Going through the material below, output exactly the lines from the one containing "Prediksi Togel SIDNEY" through the one containing "LANGE, J., (Austrian, 20th", and no pictures.

* [DATASET CONTENT]
::::::::::

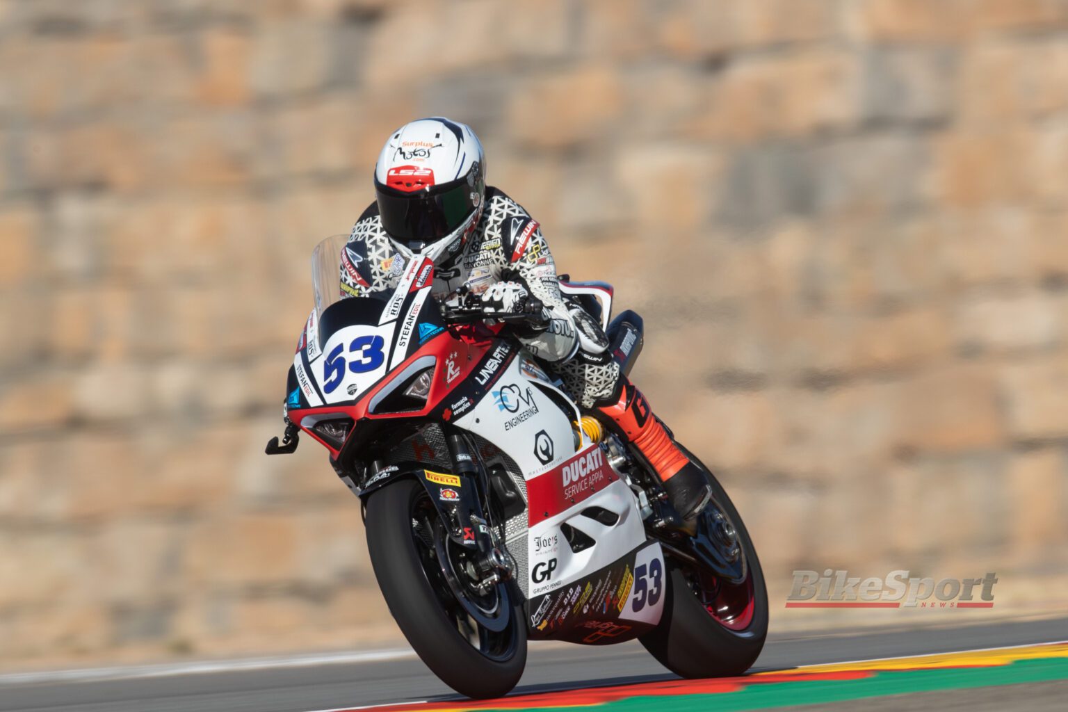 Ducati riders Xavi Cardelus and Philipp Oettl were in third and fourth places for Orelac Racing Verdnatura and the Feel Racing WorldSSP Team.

::::::::::

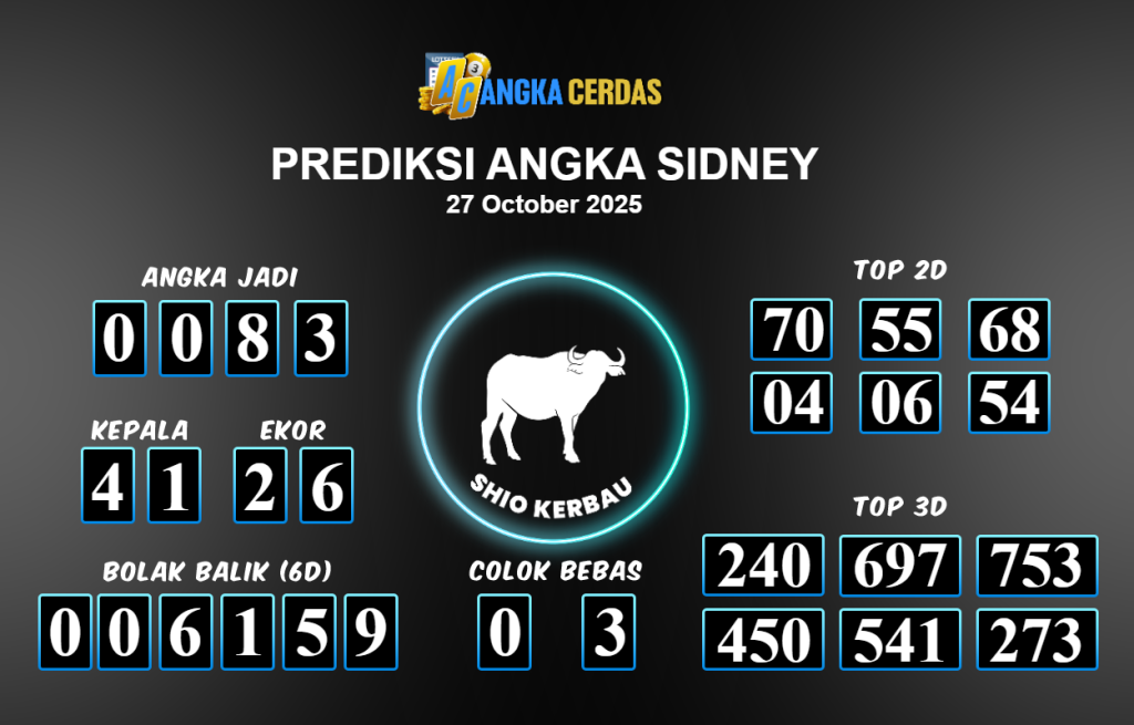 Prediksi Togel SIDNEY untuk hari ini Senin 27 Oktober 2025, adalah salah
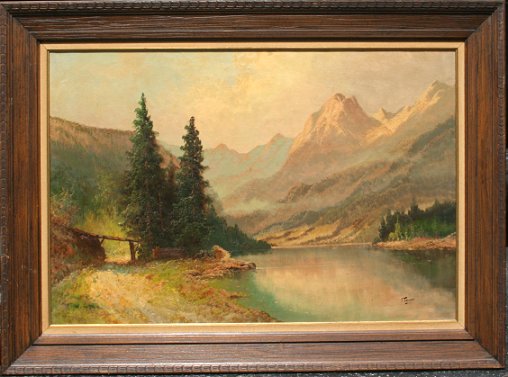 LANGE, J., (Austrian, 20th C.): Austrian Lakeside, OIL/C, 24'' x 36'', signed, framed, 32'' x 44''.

::::::::::

* [YOUR SOLUTION]
 Prediksi Togel SIDNEY untuk hari ini Senin 27 Oktober 2025, adalah salah
 LANGE, J., (Austrian, 20th C.): Austrian Lakeside, OIL/C, 24'' x 36'', signed, framed, 32'' x 44''.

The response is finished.